Командующий Вторым Украинским фронтом генерал Конев — позже Маршал Советского Союза, — проезжая через Головковку, тоже отведал той воды. Помню, он сказал, всю ночь не спал, очень устал, но попил родниковой воды из кринички и почувствовал себя, как после отдыха. Не вода, а настоящий дар природы.
Вот такая была криничка в нашей Головковке. Чудо-криничка.
В десяти метрах от нее проходила центральная дорога, которая разветвлялась в трех направлениях: «на гору», «на Большую дорогу» и на «Халошу». В тех направлениях мы и расходились по домам.
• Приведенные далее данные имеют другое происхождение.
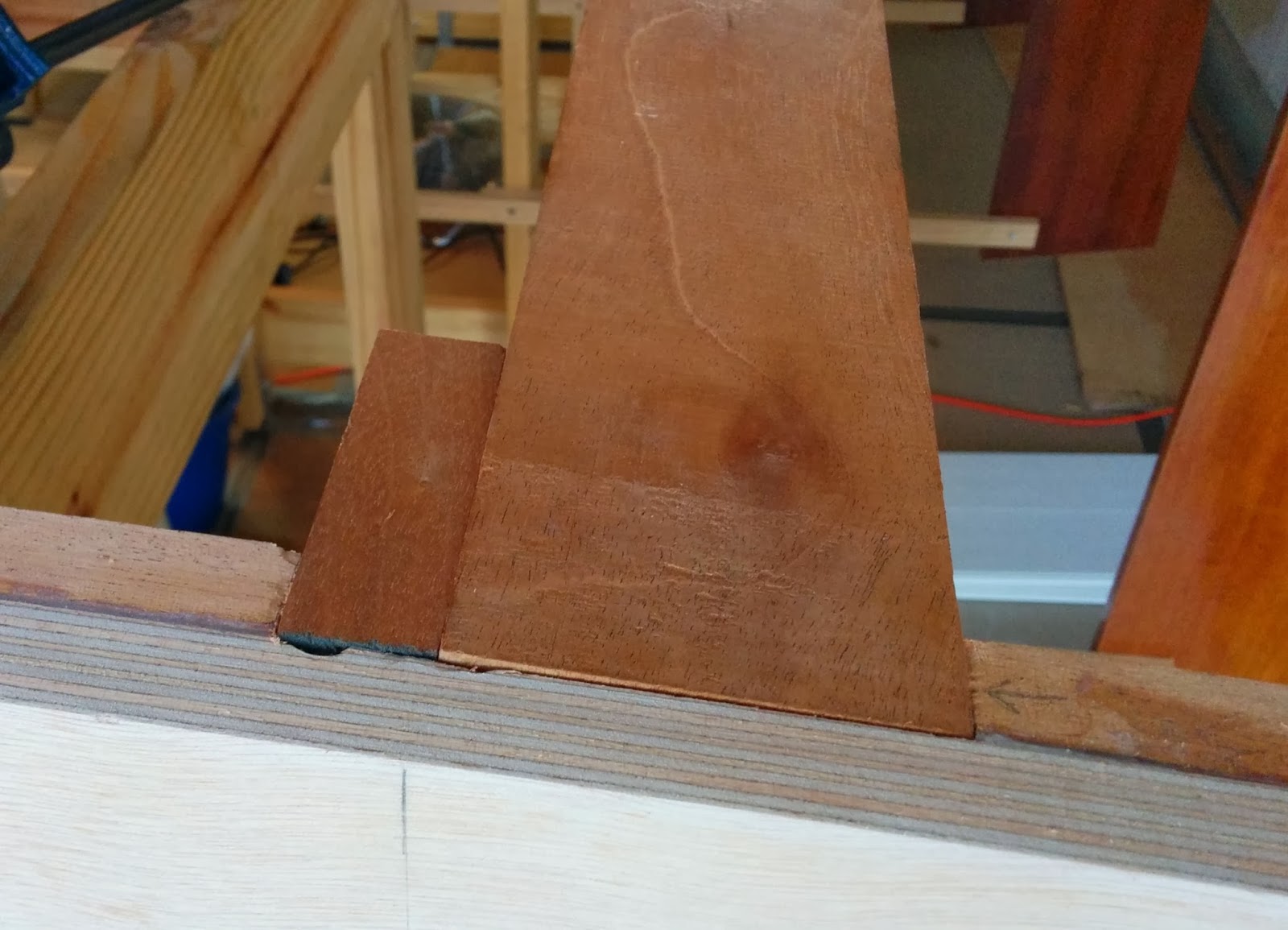 Frame 5 is the frame at the back of the picture and frame 6 is the forward frame. The stem butts into frame 5 and is glued and screwed into position. The picture doesnt show the floor timber but the screws will go through the back of the floor timber into the end of the stem. Additionally the entire assembly will be glued into the slot in the floor timber.

Я бродил по комнате и все вспоминал, вспоминал, забыв на какие-то мгновения фронт и суровые условия, в которых мы находились. Забыл еще и потому, что немцы не стреляли, и никто не беспокоил.
Уже Гаврилко поел всю картошку, оттаявшую за пазухой, уже холод сковал спину, а я вроде и не замечал этого. Пришли вдруг на память смешные истории из школьной жизни.
…Изучали мы молекулы — новая интересная тема. Светило солнце, лучи сквозь окна выхватывали каждую пылинку. И Вера Скорик стала ловить их. Она так увлеклась этим занятием, что даже из-за парты поднялась. Учитель, удивившись, спросил:
— Вера, что ты делаешь?
— Молекулы ловлю, — серьезно ответила она.
…В третьем классе мы закончили таблицу умножения. Петя Омельяненко, симпатичный малыш с черными кудрями, огорчился:
— Что же теперь нам делать? Уже всю таблицу умножения выучили!
…В четвертом классе у нас был заядлый курильщик — Ваня Шалуха. Учитель М. П. Василиненко иногда делал «ревизию» его карманов, а найдя там табак, вызывал в школу отца. И вот Ваня, чтобы у него больше не отбирали махорку, стал прятать ее перед уроками во дворе школы, в песок.
Но как-то пошел дождь. Табачок явно пропадал… И Шалуха начал плакать. Учитель спросил его, в чем дело.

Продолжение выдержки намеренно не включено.